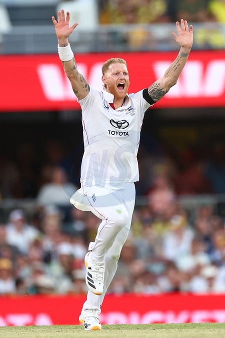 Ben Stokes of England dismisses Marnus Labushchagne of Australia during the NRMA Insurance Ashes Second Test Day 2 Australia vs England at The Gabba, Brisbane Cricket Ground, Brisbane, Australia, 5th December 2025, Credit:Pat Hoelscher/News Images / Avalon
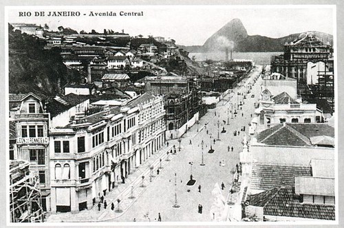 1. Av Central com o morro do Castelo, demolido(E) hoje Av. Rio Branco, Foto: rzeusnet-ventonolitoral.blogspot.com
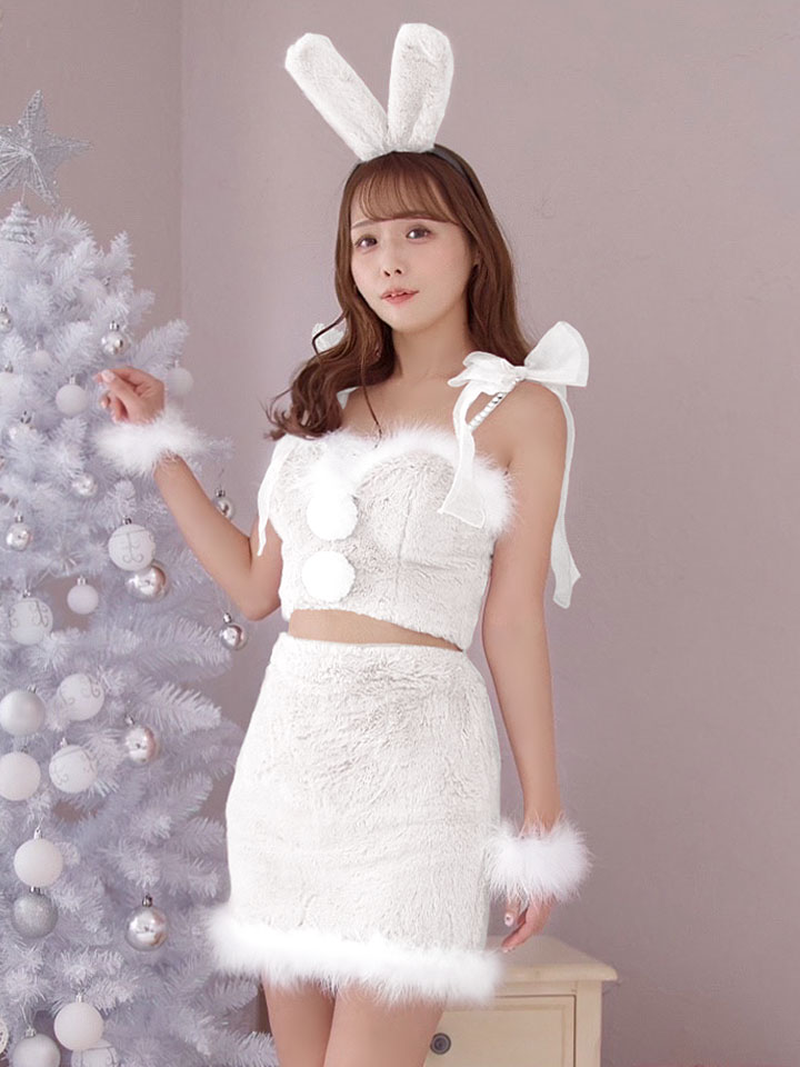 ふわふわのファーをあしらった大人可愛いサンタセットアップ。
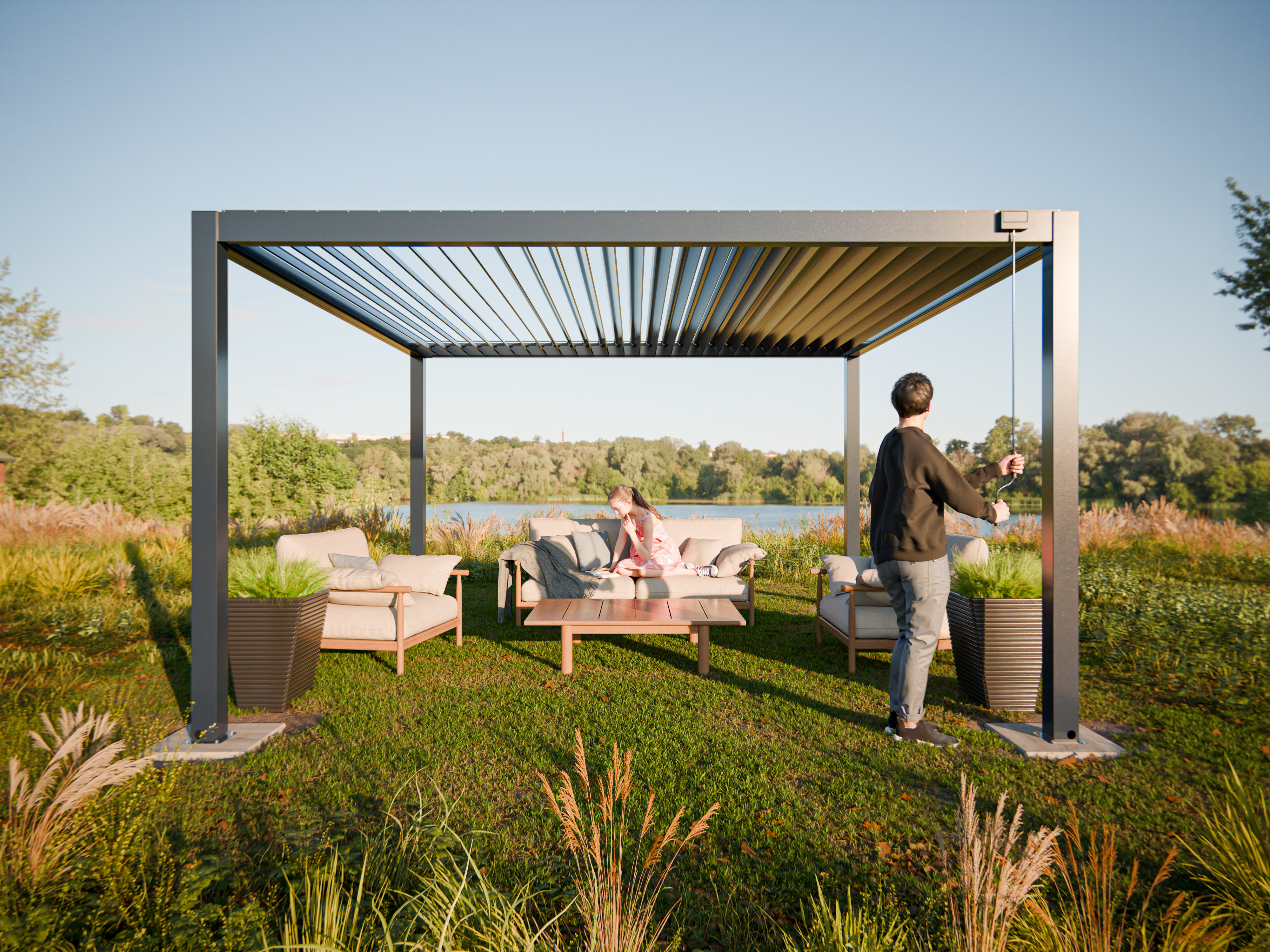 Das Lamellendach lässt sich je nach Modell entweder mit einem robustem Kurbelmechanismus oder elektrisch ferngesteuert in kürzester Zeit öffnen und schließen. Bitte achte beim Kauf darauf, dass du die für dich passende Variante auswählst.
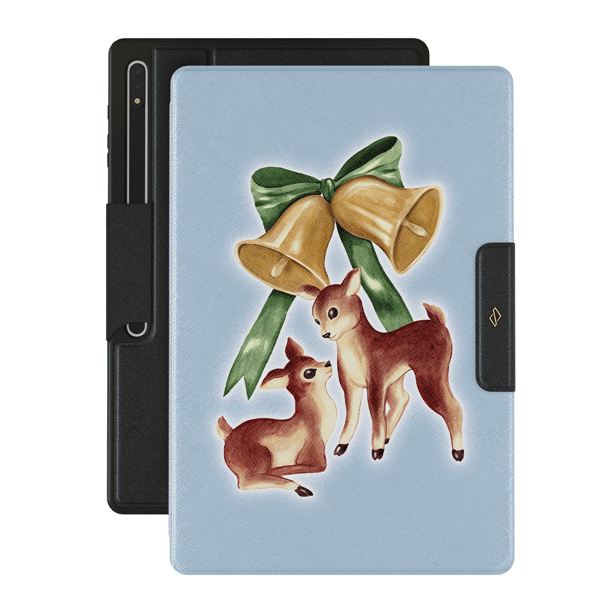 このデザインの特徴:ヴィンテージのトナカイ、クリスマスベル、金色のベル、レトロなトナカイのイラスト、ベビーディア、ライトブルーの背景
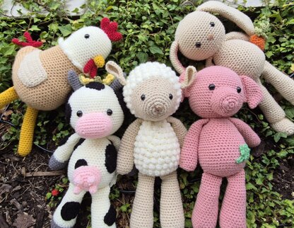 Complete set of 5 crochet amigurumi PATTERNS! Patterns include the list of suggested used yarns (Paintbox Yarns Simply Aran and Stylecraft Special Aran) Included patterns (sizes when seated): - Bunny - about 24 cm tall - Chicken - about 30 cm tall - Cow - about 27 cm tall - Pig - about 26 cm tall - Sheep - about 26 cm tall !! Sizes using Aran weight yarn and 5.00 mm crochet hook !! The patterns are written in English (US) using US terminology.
• • • •
- _EXERCISE REQUIREMENTS_:
The required output is every line from the beginning of the material above through the line with "ふわふわのファーをあしらった大人可愛いサンタセットアップ。", exact and without pictures.

- _REPLY TO THE EXERCISE_:
 Ben Stokes of England dismisses Marnus Labushchagne of Australia during the NRMA Insurance Ashes Second Test Day 2 Australia vs England at The Gabba, Brisbane Cricket Ground, Brisbane, Australia, 5th December 2025, Credit:Pat Hoelscher/News Images / Avalon
 1. Av Central com o morro do Castelo, demolido(E) hoje Av. Rio Branco, Foto: rzeusnet-ventonolitoral.blogspot.com
 ふわふわのファーをあしらった大人可愛いサンタセットアップ。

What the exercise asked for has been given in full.